Divorce can be one of the most emotionally painful experiences that you may ever have to go through in your life, especially if it was not something that you wanted or expected to happen and if there are children involved. However, you don’t have to be alone in your feelings of anger, guilt, sadness, frustration and disappointment. With some help and support from family, friends and your family divorce and separation solicitors chester, there are plenty of ways that you can begin to cope with divorce in an effective way while still maintaining the respect and consideration of everyone involved.
1) Try and get some perspective
Try to get some perspective on what’s happened. Try not to lose sight of who you are. Divorce is painful, but it will not define you as a person. Take your time and be as gentle on yourself as possible. A great way to do that is by surrounding yourself with friends and family members who love you and support you unconditionally, allowing you to experience all of your emotions without shame or guilt.
2) Things will change quickly
Make a list of all of your important phone numbers and email addresses, as well as copies of any important documents (passports, birth certificates, etc.). Make sure to keep these separate from your belongings. You may have an idea of who you’d like to talk to regarding your divorce; if so, write down their details too. Also make a list of family law solicitors near you and find one that is known to be good. You may need advice on how best to proceed.
3) Focus on yourself, not your ex-partner
Once you have fully accepted that your marriage is over, it’s time to let go of old grudges. Whether you decide to try to remain friends with your ex-partner or not, remind yourself that you need to do what’s best for you and what will make you happy in life. Work on strengthening your friendships with family and other loved ones; they can play a big role in helping you move forward.

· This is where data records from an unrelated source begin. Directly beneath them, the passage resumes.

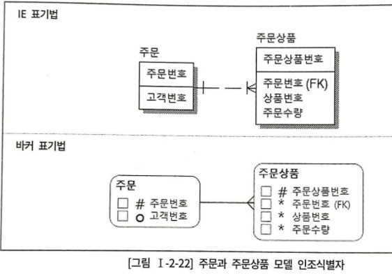 | 엔터티 내부에서 스스로 만들어지는 식별자 | 타 엔터티와의 관계를 통해 타 엔터티로부터 받아오는 식별자 |
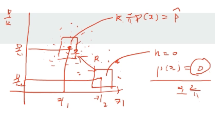 - 잡은 region 밖에 아웃라이어가 하나 있는데 자기 영역에 포함된 K가 0이라는 이유로 추정한 p = 0이 된다.
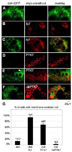 Fig. 1. PTK7 recruits dsh to the plasma membrane. Animal caps were injected with different tagged RNAs, and protein localization was analyzed by confocal microscopy. The GFP-tagged dsh (green, left), the co-expressed myc-tagged protein (red, middle) and the merged pictures (right) are shown. (A) GFP-tagged dsh is localized to the cytoplasm of animal caps injected with 100 pg dsh-GFP RNA. (B) Myc-tagged fz7 is predominantly membrane localized in animal caps injected with 100 pg fz7-myc RNA. (C) Co-injection of 100 pg dsh-GFP and 100 pg fz7-myc RNA leads to membrane recruitment of dsh. (D) PTK7 is membrane localized in animal caps injected with 500 pg myc-tagged PTK7 RNA. (E) Animal caps co-injected with 100 pg dsh-GFP RNA and 500 pg PTK7-myc RNA show membrane-recruitment of dsh. Cells that do not express PTK7 in the membrane do not show membrane-localization of dsh (white arrowhead). (F) Animal caps injected with 250 pg RNA coding for a PTK7 mutant lacking the conserved kinase domain (δkPTK7) and 100 pg dsh-GFP RNA do not show membrane localization of dsh. (G) Graph summarizing the percentage of cells with membrane-localized dsh. For colocalization assays using PTK7 or fz7, only cells in which these proteins were membrane localized were analyzed. To determine the number of cells with cytoplasmic dsh localization DAPI co-staining was used. The total number of cells is indicated above each column.
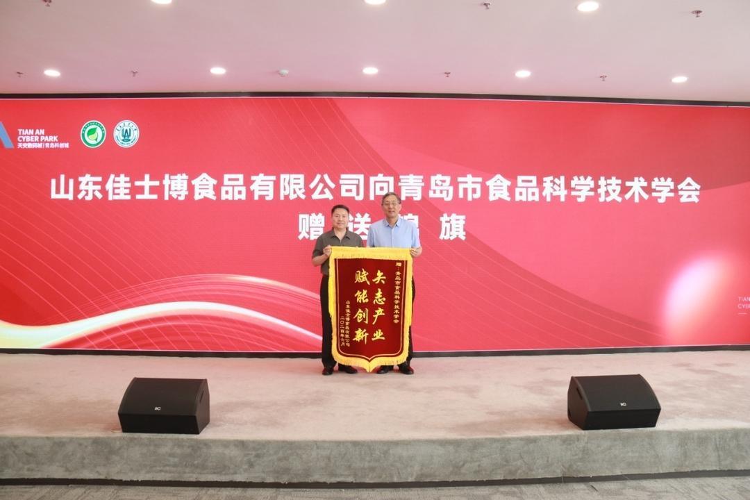 现场,青岛市科协“科技惠企·科创赋能”食品学会服务团启动,并与四家食品产业的企业签订合作协议;青岛市食品科学技术学会“食品产业信息中心”在天安科创城成立,将通过产业信息共享,密切推动学会、高校、科研院所专家与产业对接;山东佳士博食品有限公司党委书记郑钦森向食品学会赠送了锦旗,感谢学会多年来对企业的大力支持和帮助。
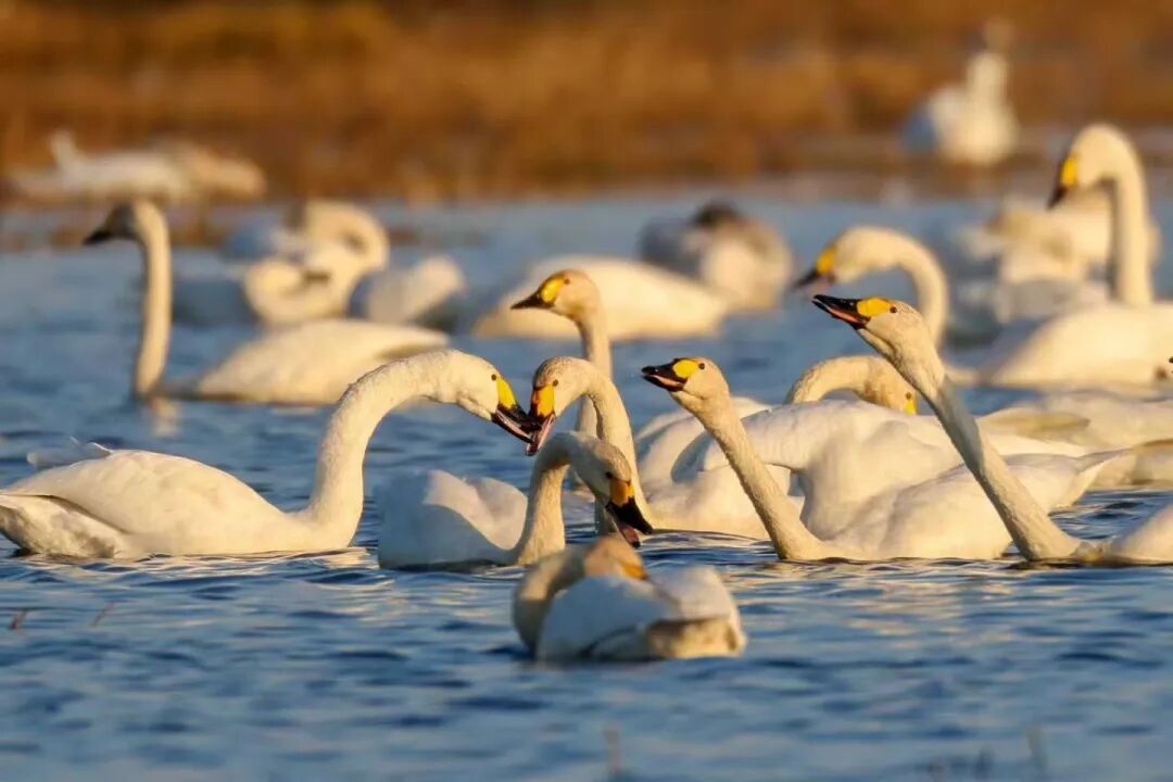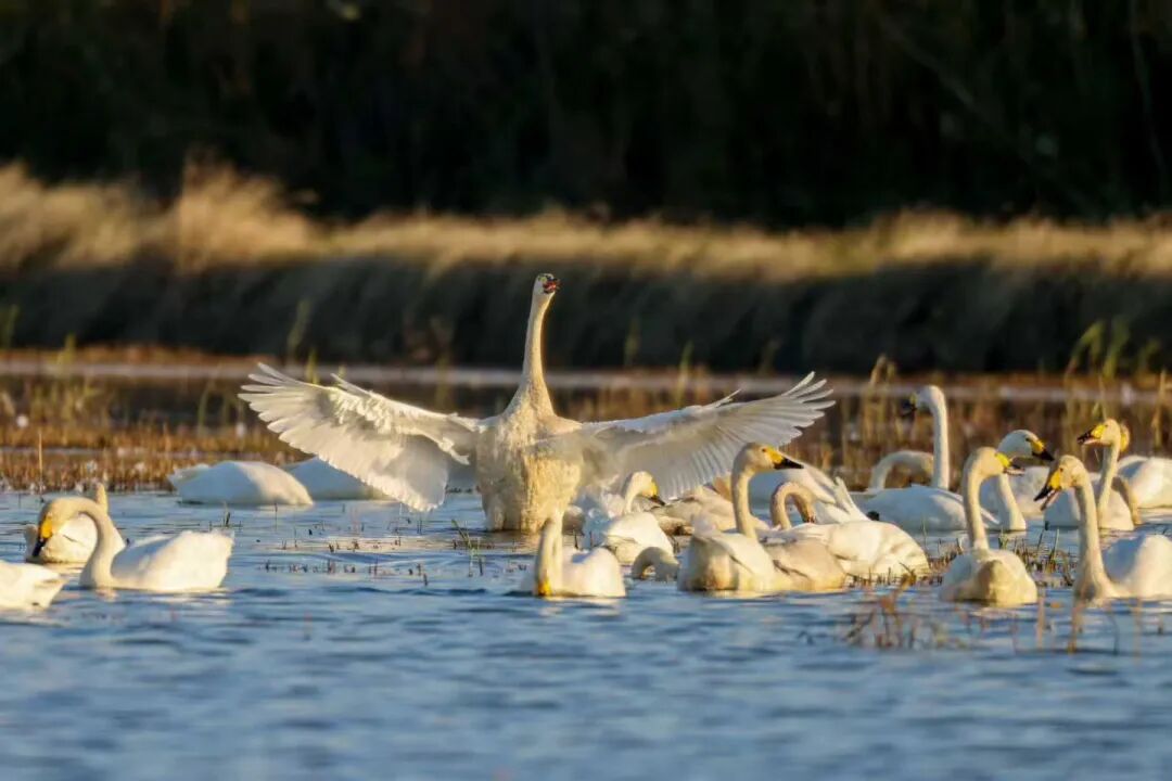 澄澈的湖水铺展成蓝玉般的镜面,倒映着天光云影。成片的芦苇荡随风轻舞,芦花如雪纷飞。就在这里,当寒潮渐起,候鸟便成了这里真正的主角。天鹅舒展着洁白的羽翼,雍容地划破湖面,溅起细碎的银鳞;雁群排着整齐的队列,在天际划出悠远而优美的弧线;鸥鹭翩跹低飞,尖喙轻点水面,叼起一尾银亮的鱼虾。它们叽叽喳喳的鸣唱,与风声、水声交织在一起,奏响了这片土地最治愈、也最富生机地自然乐章。
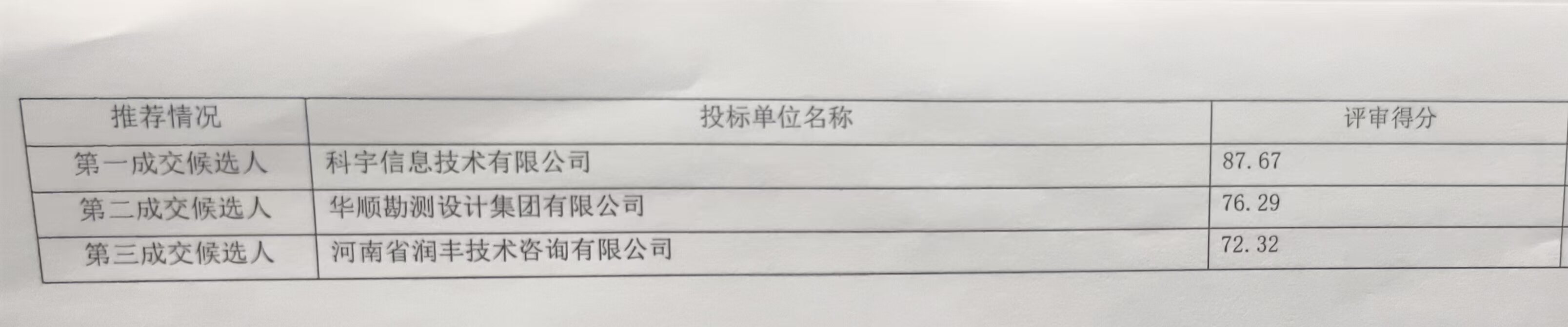 | *.本项目无供应商未通过资格审查和符合性审查;*.未成交供应商得分及排序:第*名:华顺勘测设计集团有限公司,总得分**.**分;第*名:河南省润丰技术咨询有限公司,总得分**.**分;*.各有关当事人对成交结果有异议的,可以在本公告发布之日起七个工作日内,以书面形式向采购人和采购代理机构提出质疑(加盖单位公章且法人签字),由法定代表人或其原授权代表携带企业营业执照副本原件及本人身份证件(原件)一并提交(邮寄、传真件不予受理),质疑应当有明确的请求和必要的证明材料,并以质疑函接受确认日期作为受理时间,逾期未提交或未按照要求提交的质疑函将不予受理。*.本项目接受联合体投标。联合体牵头人:科宇信息技术有限公司,联合体成员:南阳市自然资源调查规划院。 | |||||||||||||||||||||||||||||||

4) Cut toxic people out of your life
When people hear about a divorce, it’s natural to want to reach out and offer sympathy and support. But here’s a word of caution: If you don’t know both parties involved well, it’s important to keep your mouth shut. Giving unsolicited advice can be extremely unhelpful in these types of situations.
5) Focus on what you have, not what you don’t have
While it’s normal to focus on what you don’t have during your divorce, try to stay positive and encourage yourself by focusing on what you do have. Focus on personal positives, such as your job or relationship with family and friends, instead of dwelling on your property or lack of assets. Remember that over time a new normal will become routine.
6) Remember you’re not alone
When you’re going through a difficult time, it can be easy to feel isolated and that no one understands what you’re going through. But more than half of marriages in England and Wales end in divorce—that’s 3.2 million people going through a similar experience to you at any given time. Remember: There are many others who understand exactly how you feel—there is a community out there waiting to support you. You’re not alone.
7) Lean on friends, family and professionals when needed
When a divorce occurs, it can be difficult to see past your own circumstances. It’s important that you learn to lean on friends and family members who will listen and offer support. Remember, too, that an objective viewpoint is helpful when you’re feeling overwhelmed by your situation: Sometimes a third party’s perspective can help provide clarity. If you find yourself struggling with concerns like custody or property division, don’t hesitate to consult with your solicitor.